**Description of the task:**
Exactly reproduce the line containing "Let friends and" and all later lines to the end of the entries, leaving the pictures out of your copy.

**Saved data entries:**
+-------+

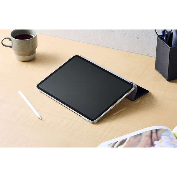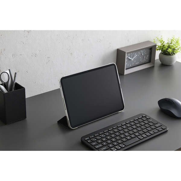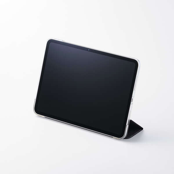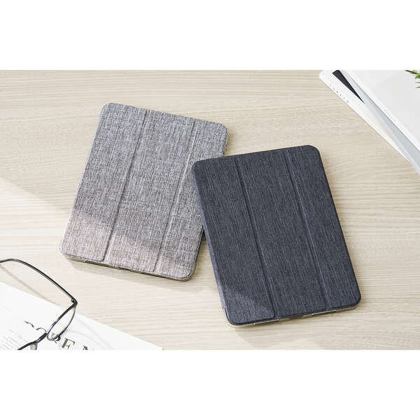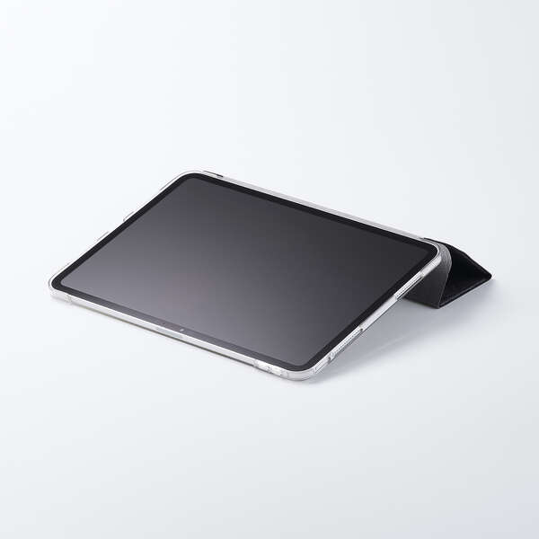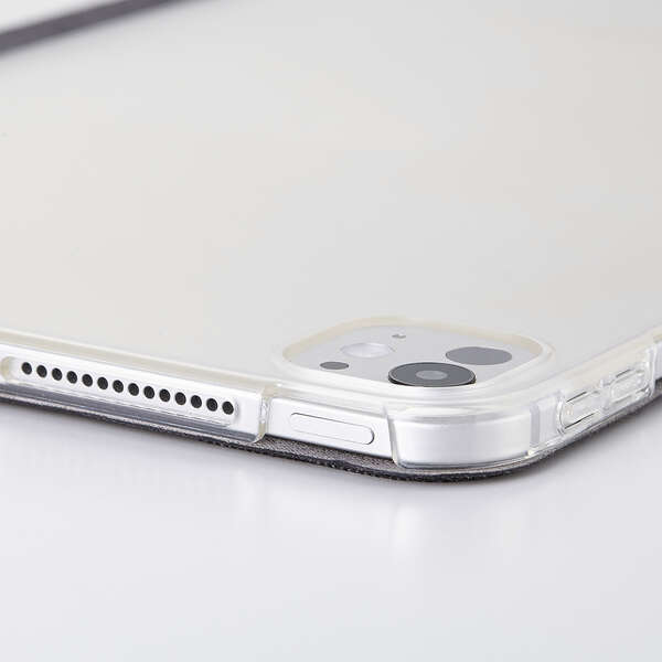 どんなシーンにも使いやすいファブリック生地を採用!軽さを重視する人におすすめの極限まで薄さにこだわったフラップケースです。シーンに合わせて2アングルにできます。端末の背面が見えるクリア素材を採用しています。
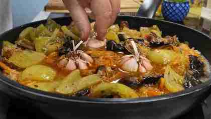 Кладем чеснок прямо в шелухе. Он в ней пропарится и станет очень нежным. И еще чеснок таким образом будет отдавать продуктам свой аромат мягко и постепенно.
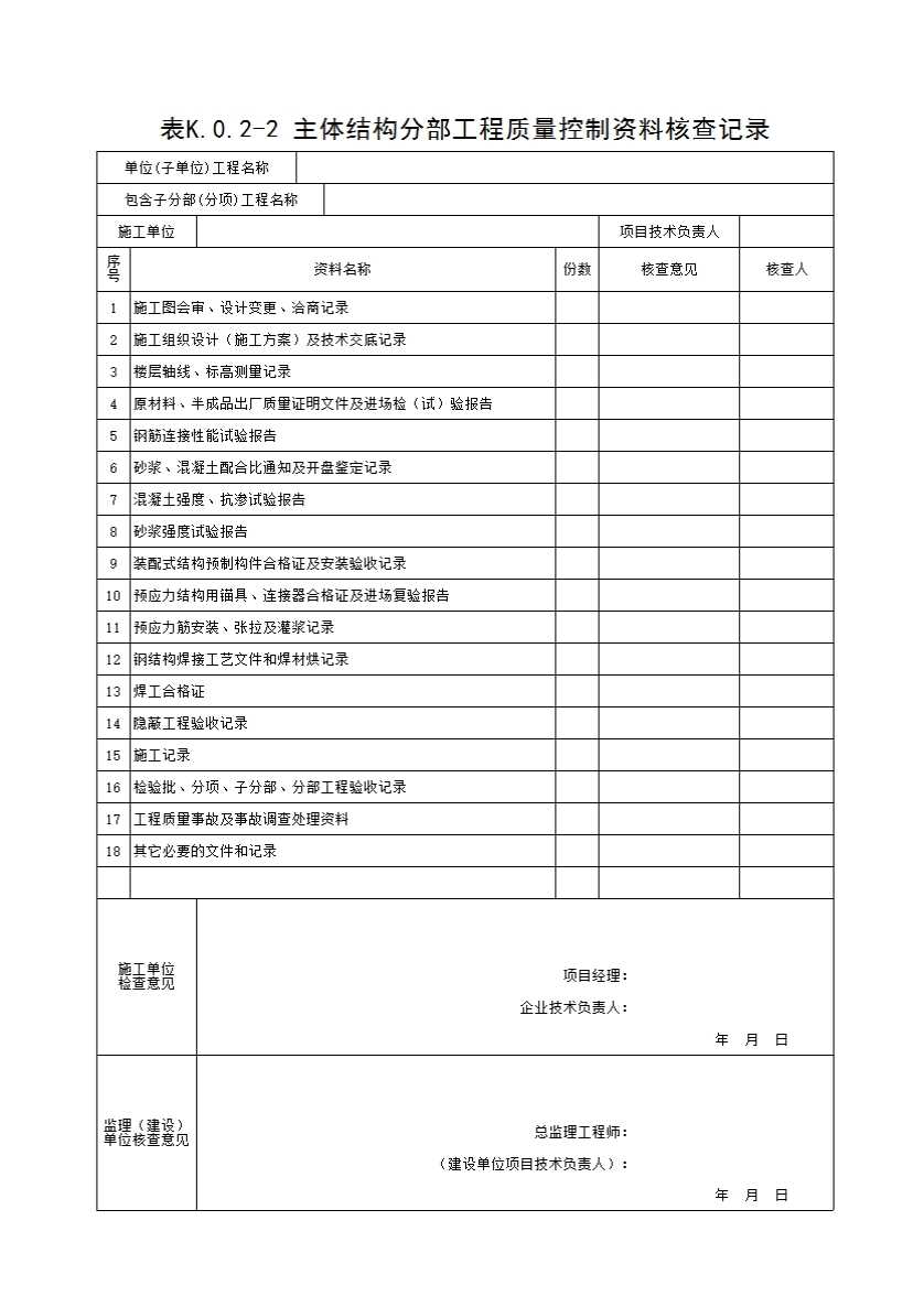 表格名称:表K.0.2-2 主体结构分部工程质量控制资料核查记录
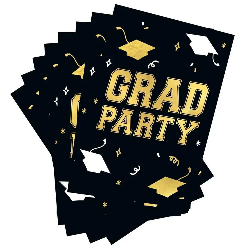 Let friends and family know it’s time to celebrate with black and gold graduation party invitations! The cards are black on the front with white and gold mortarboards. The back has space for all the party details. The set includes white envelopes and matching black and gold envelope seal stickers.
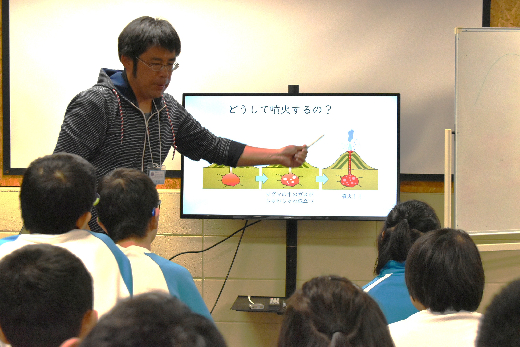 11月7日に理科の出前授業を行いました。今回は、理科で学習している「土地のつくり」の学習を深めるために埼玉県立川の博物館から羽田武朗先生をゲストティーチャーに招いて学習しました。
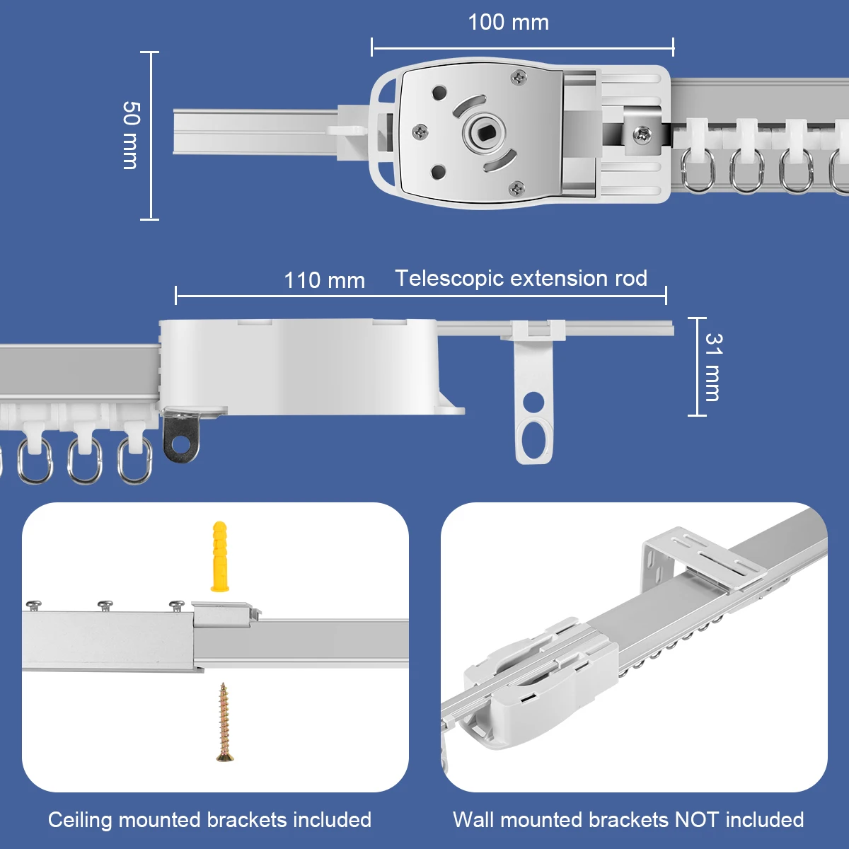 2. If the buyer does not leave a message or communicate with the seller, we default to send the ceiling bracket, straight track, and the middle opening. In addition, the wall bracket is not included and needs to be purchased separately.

+-------+

**Exercise answer:**
 Let friends and family know it’s time to celebrate with black and gold graduation party invitations! The cards are black on the front with white and gold mortarboards. The back has space for all the party details. The set includes white envelopes and matching black and gold envelope seal stickers.
 11月7日に理科の出前授業を行いました。今回は、理科で学習している「土地のつくり」の学習を深めるために埼玉県立川の博物館から羽田武朗先生をゲストティーチャーに招いて学習しました。
 2. If the buyer does not leave a message or communicate with the seller, we default to send the ceiling bracket, straight track, and the middle opening. In addition, the wall bracket is not included and needs to be purchased separately.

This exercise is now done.